# [YOUR GOAL]
Every entry in the following listing must be restated word for word, though not its pictures.

# [THE DATA]
Segment Open

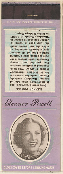 - Title: Eleanor Powell from Movie Stars Match Cover design series (U21) issued by Diamond Match Company
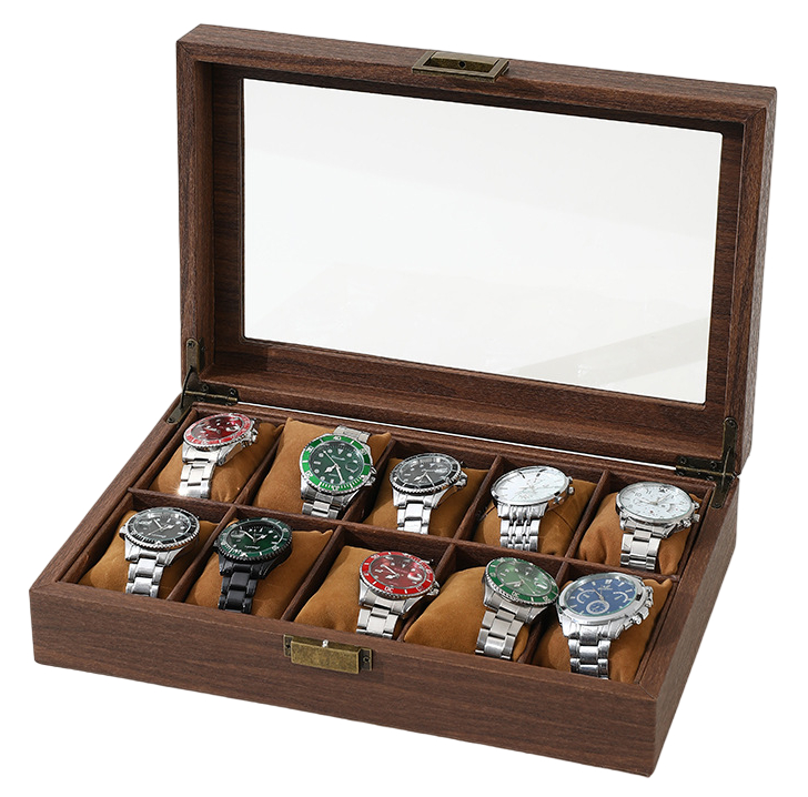 Tiera kellolaatikko 10 kellolle ruskea voit säilyttää laatikossa turvallisesti jopa 10 lempikelloasi. Laatikon sisäpinta on vaaleaa kangasta, joka suojaa kellojasi naarmuuntumiselta. Laatikon kantta suojaa ikkuna, josta näet helposti kaikki laatikossa olevat kellot. Tiera ruskea kellolaatikko on kooltaan 9 x 33 x 22 cm.
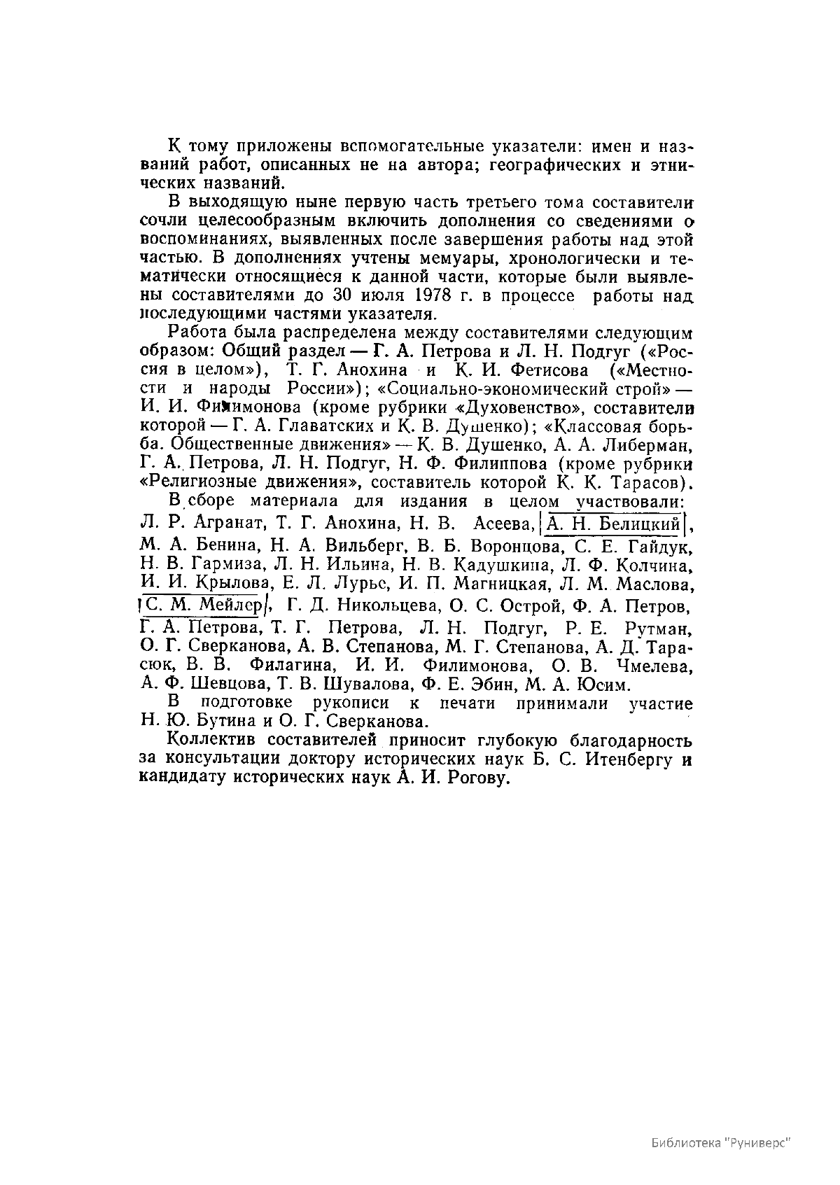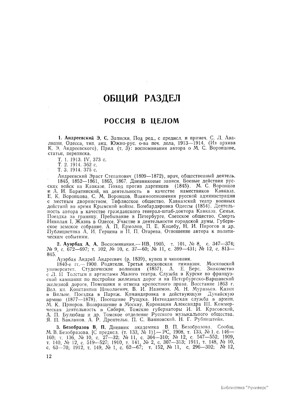 Многотомное издание этого уникального библиографического исследования, ставшего итогом многолетней работы большого коллектива ведущих отечественных источниковедов и библиографов главных библиотек нашей страны, представляет собой крупнейшее собрание аннотированной мемуарной литературы по истории России. Ведущую роль в создании этого фундаментального издания сыграл крупный отечественный ученый-историк П.А. Зайончковский, под редакцией и неусыпным контролем которого разрабатывался и выходил представленный многотомник (последние 5 книг вышли после кончины этого замечательного учёного-энциклопедиста).
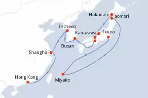Itinerario : Tokyo, Miyako, aomori, Hakodate, Kanazawa, Maizuru, Sakai-Minato, Busan, Incheon, Shanghai, Hong Kong
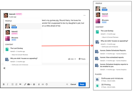 Mentions enable members to call out other community members and community content within a post. Aurora supports three kinds of mentions: Member Mentions Content Mentions Places Mentions Note: Product Mentions will be available in a future release. With Member Mentions, community members can call out other members in their posts and invite them to join the conversation. You might mention a community member when you know they can answer a question or provide valuable insight into a thread. Or, you might just want to make sure they see it when you want to say thank you or give public praise. Content Mentions enable community members to call out specific posts within the body of a post. Additionally, you can use Content Mentions to mention other places in the community, such as a specific category or board. It’s a way to quickly embed a link to other content in the community. Places Mentions allow community members to highlight specific locations, such as categories or boards, making it easy to reference and link to other content within the community. Mentions are supported in all content types and in replies/comments. When you enter the @ symbol while creating a post, suggestions are displayed in this order: Members: Participants from the conversation thread based on relevancy Content: Content you created, by recency Places: Places you follow Mention notifications When members are mentioned in posts, they are sent emails to let them know. The email uses the Member Mention notification email template. (If members are mentioned multiple times in a post, they are sent only one email.) Additionally, members mentioned in private forums that they cannot access will not receive notification emails. When a member’s content is mentioned in posts, the member is also sent an email to let them know. The email uses the New Content Mention notification email template. Mentions you receive are also shown in your community notifications (bell icon). Related topics: Manage Member Mentions permissions (admin) About Email Notifications366Views0likes9CommentsAurora: Member metrics for ranking formulas
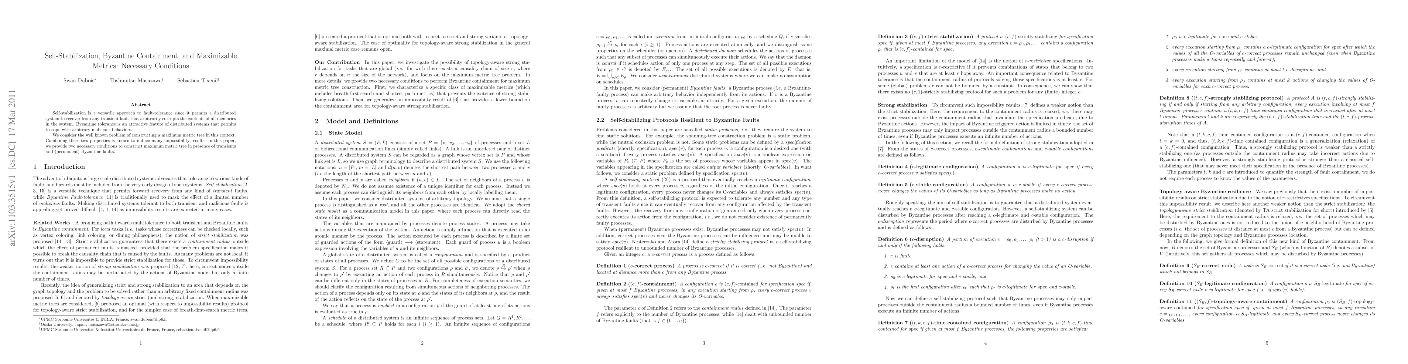 This paper explores the challenges of self-stabilization and Byzantine fault tolerance in distributed systems, focusing on the construction of maximum metric trees. It establishes two necessary conditions for achieving this in the presence of both transient and permanent Byzantine faults.
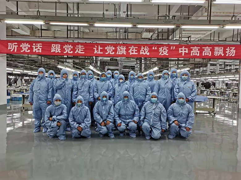 做大了的紅豆,不忘擔(dān)當(dāng)和使命。在這次抗疫中,紅豆集團(tuán)黨委書記、董事局主席周海江第一時(shí)間捐款1000萬(wàn)元個(gè)人特殊黨費(fèi),是全國(guó)第一個(gè)捐款一千萬(wàn)元特殊黨費(fèi)的民營(yíng)企業(yè)家。當(dāng)時(shí),戰(zhàn)疫前線隔離服、防護(hù)衣緊缺,了解到這一情況,周海江連夜成立“黨員突擊隊(duì)”,克服人員、原料、設(shè)備短缺等重重困難,夜日繼夜帶領(lǐng)大家改造生產(chǎn)線,轉(zhuǎn)產(chǎn)抗疫物資。為了最快速度購(gòu)買到設(shè)備,突擊隊(duì)員奔赴深圳,吃住在車上;當(dāng)時(shí)正值春節(jié)員工放假,生產(chǎn)線上的員工都回家,沒有人怎么生產(chǎn)?“我干過裁剪,我上!”“我干過縫紉機(jī),我上!”黨員干部紛紛請(qǐng)戰(zhàn),24小時(shí)不停工,連日連夜加班加點(diǎn)生產(chǎn)防護(hù)服隔離衣等緊缺的防疫物資。每天早晨七點(diǎn)鐘準(zhǔn)時(shí)發(fā)車,為前線送防疫物資。在2月份,疫情最緊張的時(shí)候,紅豆送到武漢前線65萬(wàn)件隔離衣。
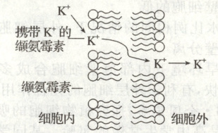 10.(2023·浙江 1 月)缬氨霉素是一种脂溶性抗生素,可结合在微生物的细胞膜上,将 $K^+$ 运输到细胞外(如图所示),降低细胞内外的 $K^+$浓度差,使微生物无法维持细胞内离子的正常浓度而死亡。下列叙述正确的是(
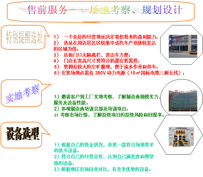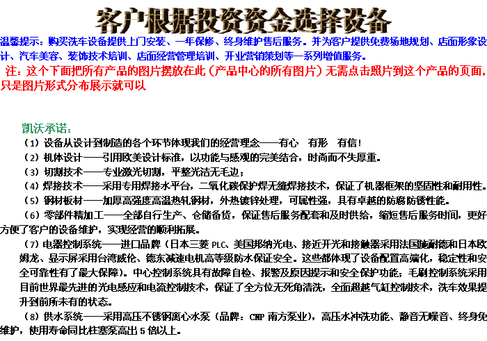 我公司產(chǎn)品規(guī)格齊全,高中低端設(shè)備應(yīng)有盡有,總有一-款設(shè)備適合您免費(fèi)費(fèi)提供開(kāi)店一 條龍指導(dǎo)及支持服務(wù)。投資定位選擇你所需需要的洗車(chē)機(jī)。我們誠(chéng)邀您親自來(lái)我公司實(shí)地參觀考察!
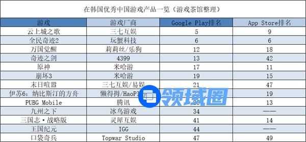 在本期榜单上,《荒野行动》与《云上城之歌》分别是出海日本、韩国在当地畅销榜上排名最靠前的国产游戏。
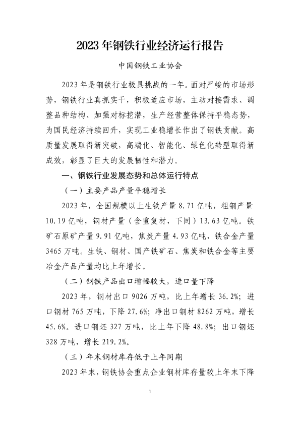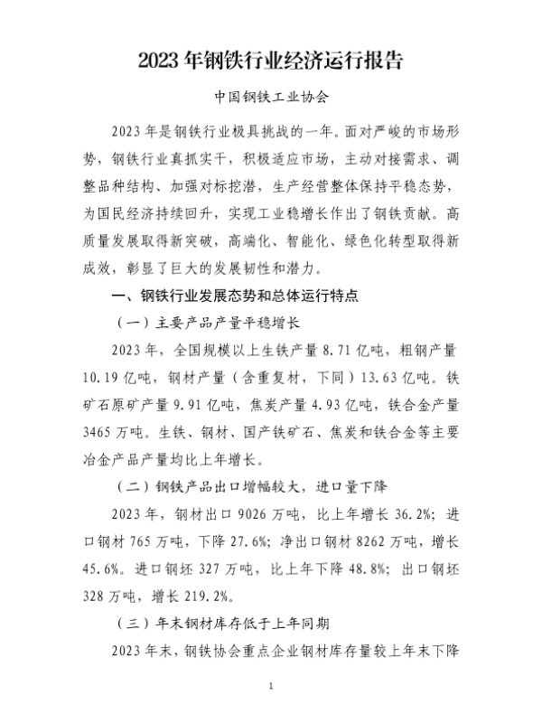 【中国钢铁工业协会】【2023】2023年钢铁行业经济运行报告-7页

Segment Closed

# [RESULT OF THE EXERCISE]
 - Title: Eleanor Powell from Movie Stars Match Cover design series (U21) issued by Diamond Match Company
 Tiera kellolaatikko 10 kellolle ruskea voit säilyttää laatikossa turvallisesti jopa 10 lempikelloasi. Laatikon sisäpinta on vaaleaa kangasta, joka suojaa kellojasi naarmuuntumiselta. Laatikon kantta suojaa ikkuna, josta näet helposti kaikki laatikossa olevat kellot. Tiera ruskea kellolaatikko on kooltaan 9 x 33 x 22 cm.
 Многотомное издание этого уникального библиографического исследования, ставшего итогом многолетней работы большого коллектива ведущих отечественных источниковедов и библиографов главных библиотек нашей страны, представляет собой крупнейшее собрание аннотированной мемуарной литературы по истории России. Ведущую роль в создании этого фундаментального издания сыграл крупный отечественный ученый-историк П.А. Зайончковский, под редакцией и неусыпным контролем которого разрабатывался и выходил представленный многотомник (последние 5 книг вышли после кончины этого замечательного учёного-энциклопедиста).
Itinerario : Tokyo, Miyako, aomori, Hakodate, Kanazawa, Maizuru, Sakai-Minato, Busan, Incheon, Shanghai, Hong Kong
 Mentions enable members to call out other community members and community content within a post. Aurora supports three kinds of mentions: Member Mentions Content Mentions Places Mentions Note: Product Mentions will be available in a future release. With Member Mentions, community members can call out other members in their posts and invite them to join the conversation. You might mention a community member when you know they can answer a question or provide valuable insight into a thread. Or, you might just want to make sure they see it when you want to say thank you or give public praise. Content Mentions enable community members to call out specific posts within the body of a post. Additionally, you can use Content Mentions to mention other places in the community, such as a specific category or board. It’s a way to quickly embed a link to other content in the community. Places Mentions allow community members to highlight specific locations, such as categories or boards, making it easy to reference and link to other content within the community. Mentions are supported in all content types and in replies/comments. When you enter the @ symbol while creating a post, suggestions are displayed in this order: Members: Participants from the conversation thread based on relevancy Content: Content you created, by recency Places: Places you follow Mention notifications When members are mentioned in posts, they are sent emails to let them know. The email uses the Member Mention notification email template. (If members are mentioned multiple times in a post, they are sent only one email.) Additionally, members mentioned in private forums that they cannot access will not receive notification emails. When a member’s content is mentioned in posts, the member is also sent an email to let them know. The email uses the New Content Mention notification email template. Mentions you receive are also shown in your community notifications (bell icon). Related topics: Manage Member Mentions permissions (admin) About Email Notifications366Views0likes9CommentsAurora: Member metrics for ranking formulas
 This paper explores the challenges of self-stabilization and Byzantine fault tolerance in distributed systems, focusing on the construction of maximum metric trees. It establishes two necessary conditions for achieving this in the presence of both transient and permanent Byzantine faults.
 做大了的紅豆,不忘擔(dān)當(dāng)和使命。在這次抗疫中,紅豆集團(tuán)黨委書記、董事局主席周海江第一時(shí)間捐款1000萬(wàn)元個(gè)人特殊黨費(fèi),是全國(guó)第一個(gè)捐款一千萬(wàn)元特殊黨費(fèi)的民營(yíng)企業(yè)家。當(dāng)時(shí),戰(zhàn)疫前線隔離服、防護(hù)衣緊缺,了解到這一情況,周海江連夜成立“黨員突擊隊(duì)”,克服人員、原料、設(shè)備短缺等重重困難,夜日繼夜帶領(lǐng)大家改造生產(chǎn)線,轉(zhuǎn)產(chǎn)抗疫物資。為了最快速度購(gòu)買到設(shè)備,突擊隊(duì)員奔赴深圳,吃住在車上;當(dāng)時(shí)正值春節(jié)員工放假,生產(chǎn)線上的員工都回家,沒有人怎么生產(chǎn)?“我干過裁剪,我上!”“我干過縫紉機(jī),我上!”黨員干部紛紛請(qǐng)戰(zhàn),24小時(shí)不停工,連日連夜加班加點(diǎn)生產(chǎn)防護(hù)服隔離衣等緊缺的防疫物資。每天早晨七點(diǎn)鐘準(zhǔn)時(shí)發(fā)車,為前線送防疫物資。在2月份,疫情最緊張的時(shí)候,紅豆送到武漢前線65萬(wàn)件隔離衣。
 10.(2023·浙江 1 月)缬氨霉素是一种脂溶性抗生素,可结合在微生物的细胞膜上,将 $K^+$ 运输到细胞外(如图所示),降低细胞内外的 $K^+$浓度差,使微生物无法维持细胞内离子的正常浓度而死亡。下列叙述正确的是(
 我公司產(chǎn)品規(guī)格齊全,高中低端設(shè)備應(yīng)有盡有,總有一-款設(shè)備適合您免費(fèi)費(fèi)提供開(kāi)店一 條龍指導(dǎo)及支持服務(wù)。投資定位選擇你所需需要的洗車(chē)機(jī)。我們誠(chéng)邀您親自來(lái)我公司實(shí)地參觀考察!
 在本期榜单上,《荒野行动》与《云上城之歌》分别是出海日本、韩国在当地畅销榜上排名最靠前的国产游戏。
 【中国钢铁工业协会】【2023】2023年钢铁行业经济运行报告-7页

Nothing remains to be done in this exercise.